The scarcity of certain items, including toilet paper, masks, and tissues, as outlined in Table 1 , emerged as a significant issue in Japan. Our findings closely parallel earlier Twitter studies investigating hoarding behaviors, particularly concerning toilet paper [ 45 ]. Although initially observed in the United States, panic buying for household goods rapidly became a global phenomenon. Notably, toilet paper has emerged as a frequently hoarded item, often signaling a surge in demand during natural disasters [ 46 , 47 ]. Although the act of stockpiling toilet paper may seem irrational and has been widely ridiculed on social media, the adverse effects of bulk purchasing have not been as severe. Social scientists may view this behavior as a coping mechanism during a natural disaster [ 48 ]. Contrary to the commonly perceived overhoarding of toilet paper, the mask shortage was deemed a more severe public health crisis and a direct threat to well-being. A 2020 agent-based simulation conducted by Tatapudi et al [ 48 ] illustrated that universal mask use could potentially reduce infections by 20% [ 49 ]. At the time of the study, the total number of people infected by COVID-19 was 541 million, indicating that implementing universal mask use could potentially spare 108 million cases. Numerous studies have indicated a negative correlation between mask use and the COVID-19 infection rate [ 44 , 50 ].

However, the situation in Japan presents a slightly different scenario. The Japanese government faced criticism for a perceived slow response to the awareness of mask shortages, as the pandemic was considered relatively “under control” in its early stages. As the mask crisis unfolded, many Japanese citizens became concerned about their reliance on masks manufactured abroad, prompting the government to take actions to boost domestic mask production. Unfortunately, heightened anxiety also led to the “Abenomasks” incident, wherein the government faced backlash for stockpiling over 82 million unused masks [ 51 ]. A crucial lesson learned from this incident is that although social media serves as a critical channel for the dissemination of news and raising public awareness, the emotional contagion and overpromotion of a particular disaster can backfire, impeding the rational coping mechanisms of citizens and the decision-making processes of the government. Our findings, along with those of numerous other studies, indicate that further efforts are needed to develop effective protocols for addressing the widely contagious anxiety stemming from the dissemination of information about natural disasters on social media.

Concerns About Social Relationships

Keywords pertaining to relationships, social life, and collective events were prevalent in our analysis. For instance, the top 20 frequently occurring nouns associated with Corona no-sei included friends, family, live, events, and one person. The most frequent verbs in the context of Corona no-sei were go , can go <negation>, meet <negation>, buy , meet , can go , and play . The example in Table 4 illustrates how Japanese individuals linked go and meet to their social events. While it may appear that many tweets express concerns about social relationships, these keywords actually reflect people venting their frustration about being unable to meet and engage in activities together, rather than indicating an actual loss of relationships. Interestingly, a study by Goodwin and Takahashi [ 52 ] also yielded similar findings. Most Japanese respondents in their survey gauging perceptions of relationship quality during the COVID-19 pandemic indicated that there were no discernible changes in their perceived relationship quality.

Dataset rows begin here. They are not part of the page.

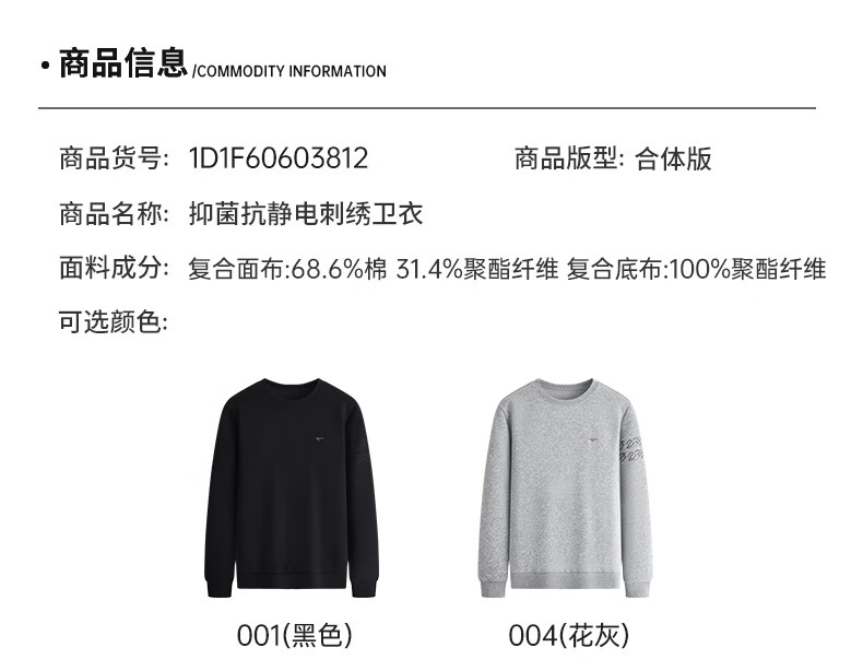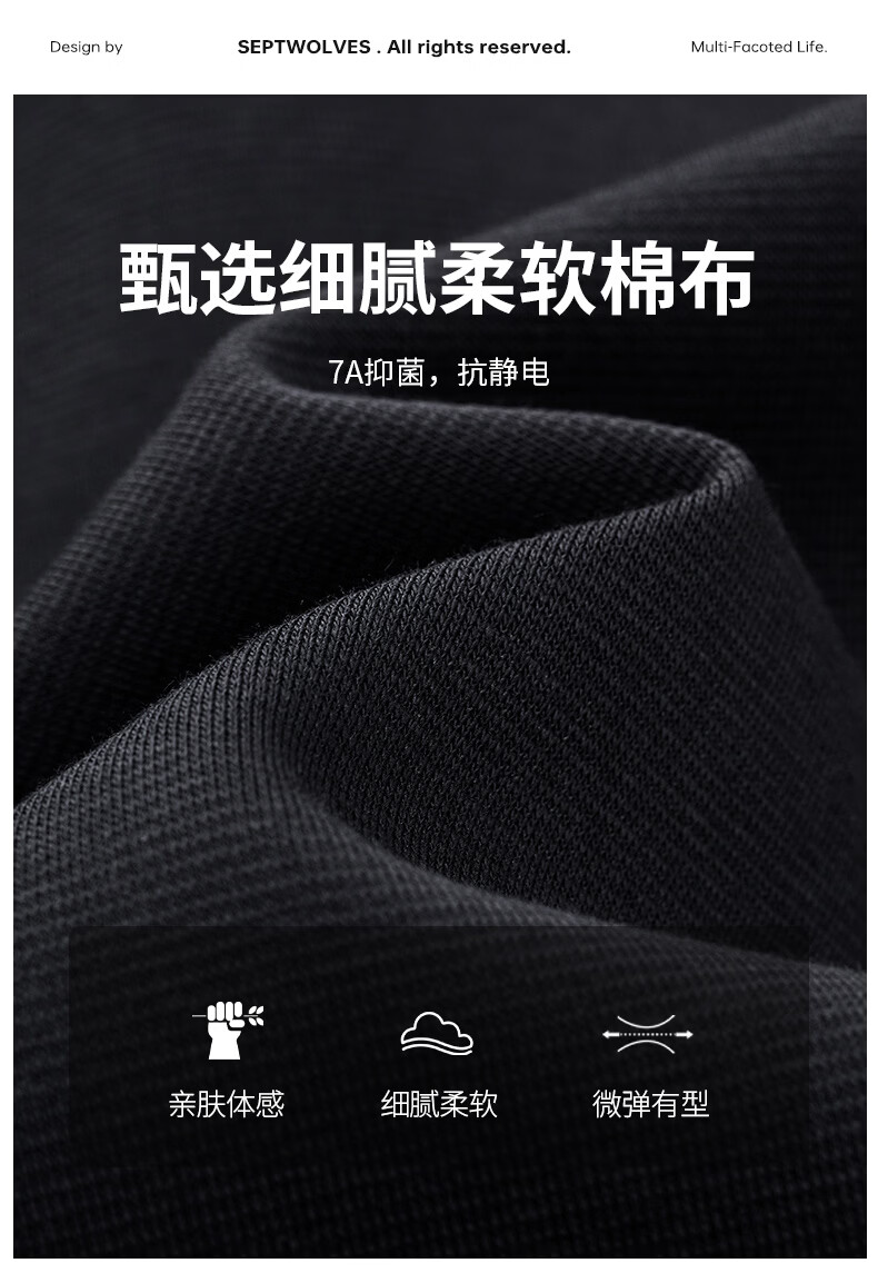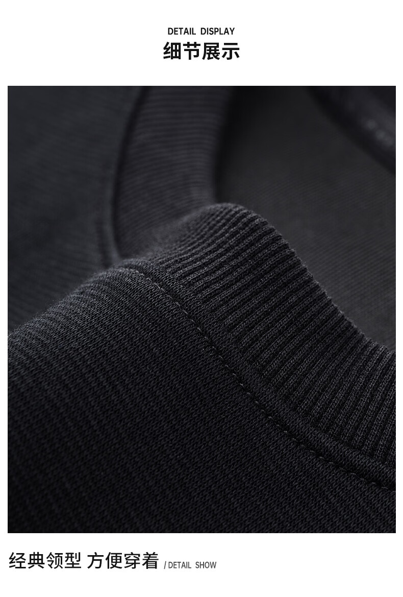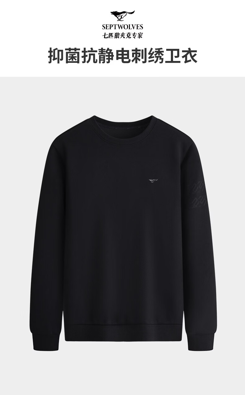 Septwolves 7A antibacterial and antistatic round neck sweatshirt spring and autumn new casual long-sleeved T-shirt tops for men 001 (black) XL 175/92A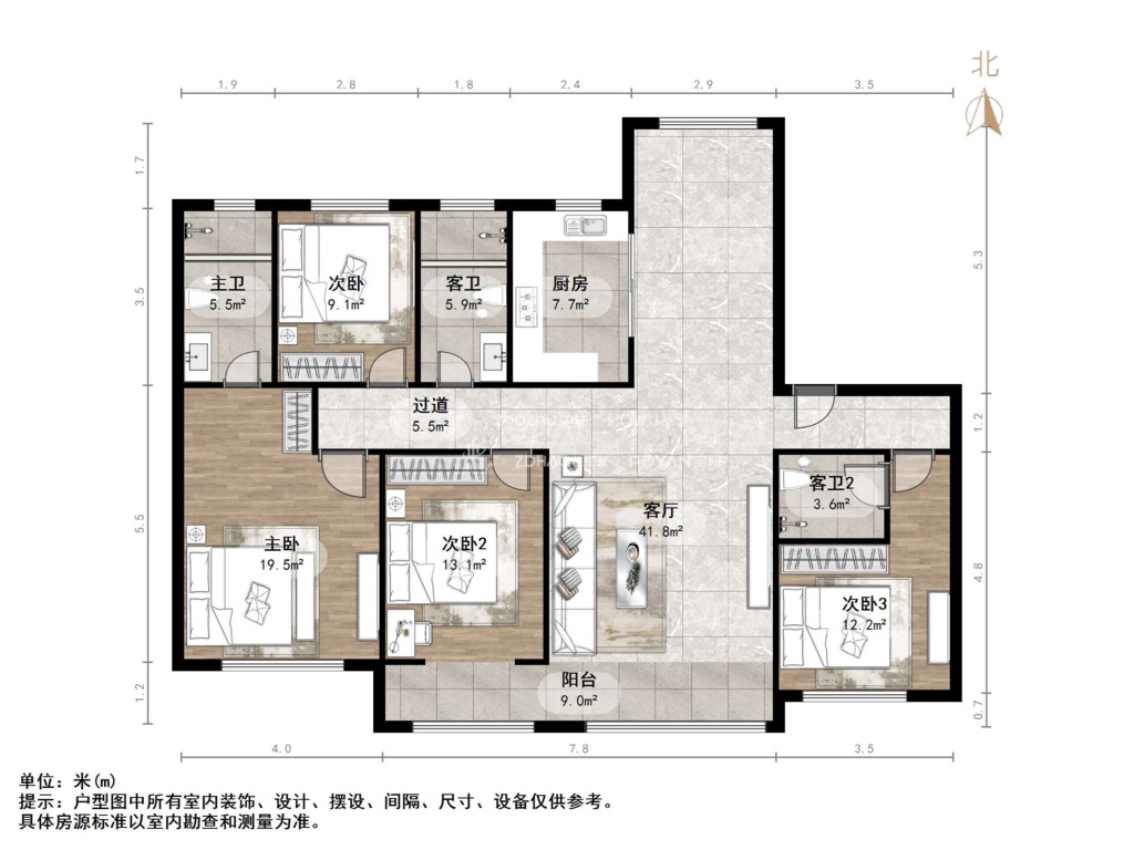 厅室4室2厅3卫1阳台
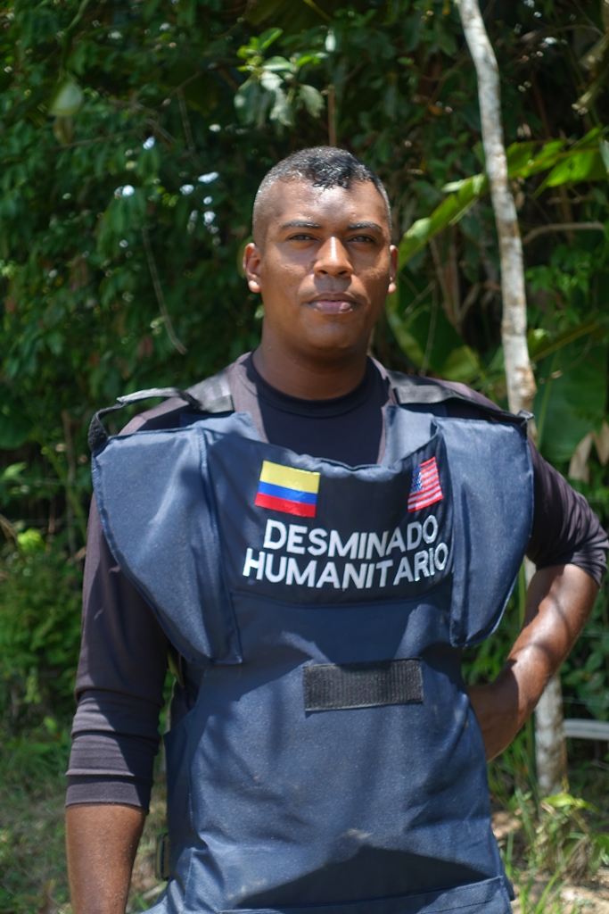 Landminenräumer bei 40 Grad Hitze im Einsatz direkt neben den früheren Kokafeldern und heutigen Kakaoplantagen. Diesen Menschen und den heutigen Kakaobauern gilt es Respekt zu zollen. Da ist die Diskussion um den Schokoladenpreis in Braunschweig kleinkariert und verachtend. (Foto: Uwe Meier)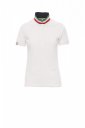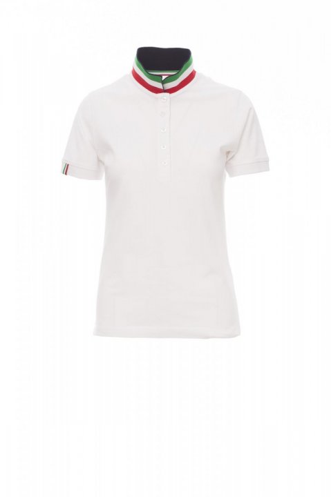 Koszulka polo damska, dopasowana, z krótkim rękawem, z 5 guzikami w kolorze materiału z efektem masy perłowej, kołnierzyk z jednej strony w kolorze materiału, z drugiej strony w kontrastowych kolorach włoskiej flagi, widocznych tylko po jego postawieniu, krawędź prawego rękawa z elegancką wstawką w kontrastowych kolorach włoskiej flagi, kołnierz i krawędź rękawa ze ściągaczem, rozcięcia boczne w kolorze włoskiej flagi, szwy kołnierza zasłonięte taśmą z dżerseju w kolorach włoskiej flagi, boczna taśma wzmacniająca, taśma w obszyciu wewnętrznym kołnierzyka.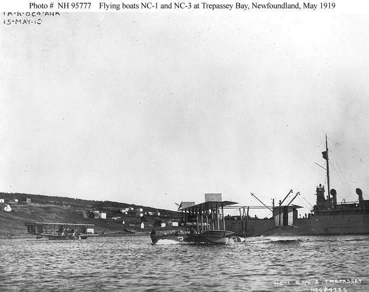 Seaplane NC-3 taxies past Aroostook in Trepassey Bay, Newfoundland, 15 May 1919. NC-1 is moored at left. Aroostook served as the planes' tender during their May 1919 trans-Atlantic flight attempt | U.S. Navy photo NH 95777 Naval Historical Center |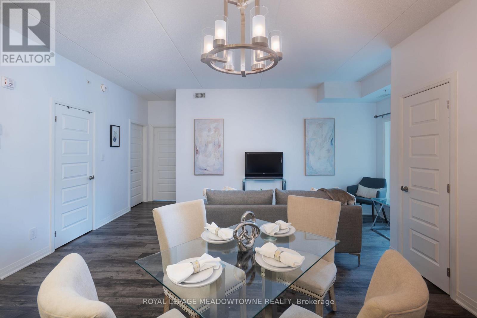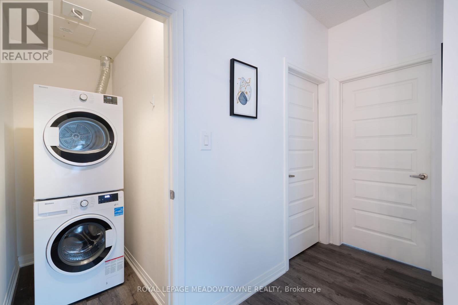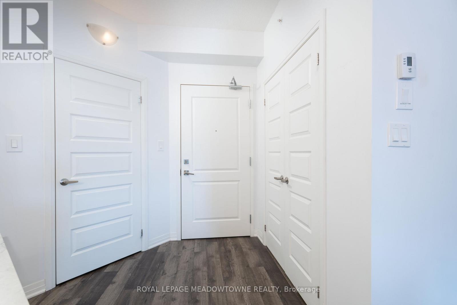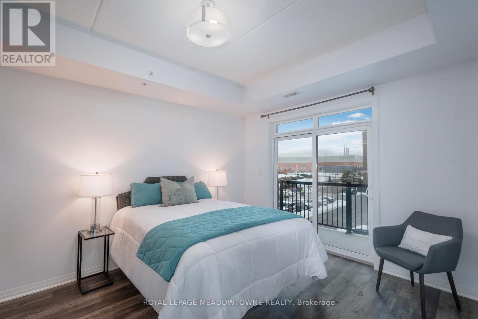 ***1 YEAR FREE MAINTENANCE FEES*** Discover stylish condo living in this beautifully designed one-bedroom suite offering a fantastic open-concept layout and upscale finishes throughout. Featuring a seamless flow from the sleek, contemporary kitchen to the bright living area, this inviting home is ideal for both relaxing evenings and entertaining guests. The chef-inspired kitchen is a true highlight, complete with stainless steel appliances, elegant countertops and backsplash, and high-end light fixtures that add a refined, sophisticated touch. The spacious bedroom easily accommodates a full bedroom set and boasts a large walk-in closet, and a perfect walkout to the private balcony. While the well-appointed bathroom offers ample storage and stylish finishes. Flooded with natural light and enhanced by quality flooring and thoughtful design details, this condo delivers both functionality and flair. Enjoy the added convenience of one underground parking space and one storage locker. Ideally located close to schools, shopping, the hospital, and with easy highway access, this is a perfect opportunity for first-time buyers, downsizers, or savvy investors. Don't miss your chance to call this stunning unit home-book your private showing today! (id:64974)
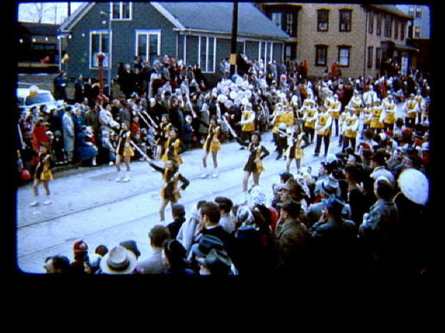 EV 110 c. 1955 Mardi Gras parade on South Main Street. Drum and bugle corps.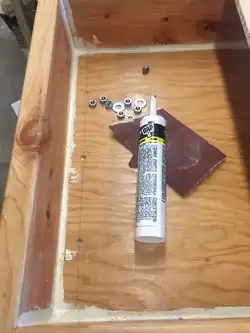 | Step 4 To keep the wood frame from having water damage issues, caulking was used on the seams and a sealant was used on the wood surfaces. We used a salad bowl finishing stain to seal the wood. | |

Only a few reported that their trust and relationship with communities had declined compared to the prepandemic era [ 52 ]. There was also a report indicating that students, due to reduced communication with friends, face an increased risk of mental health problems [ 53 ].

These findings suggest that events, such as the COVID-19 pandemic, may lead individuals to experience heightened anxiety and stress. While this emotional response could temporarily disrupt their social activities and coping mechanisms against trauma, it may not have a lasting impact on their perceived relationship quality. In fact, the example tweets we analyzed illustrated how individuals, despite feeling frustrated, expressed eagerness to resume their social activities after the pandemic. Hence, we argue that concerns about relationship disruption may be transient and serve as a positive signal prompting individuals in Japan to actively nurture their relationships. As suggested by the study conducted by Goodwin and Takahashi [ 52 ], dedicating additional time to communication, particularly in the context of romantic relationships, could further enhance the quality of these connections [ 42 ].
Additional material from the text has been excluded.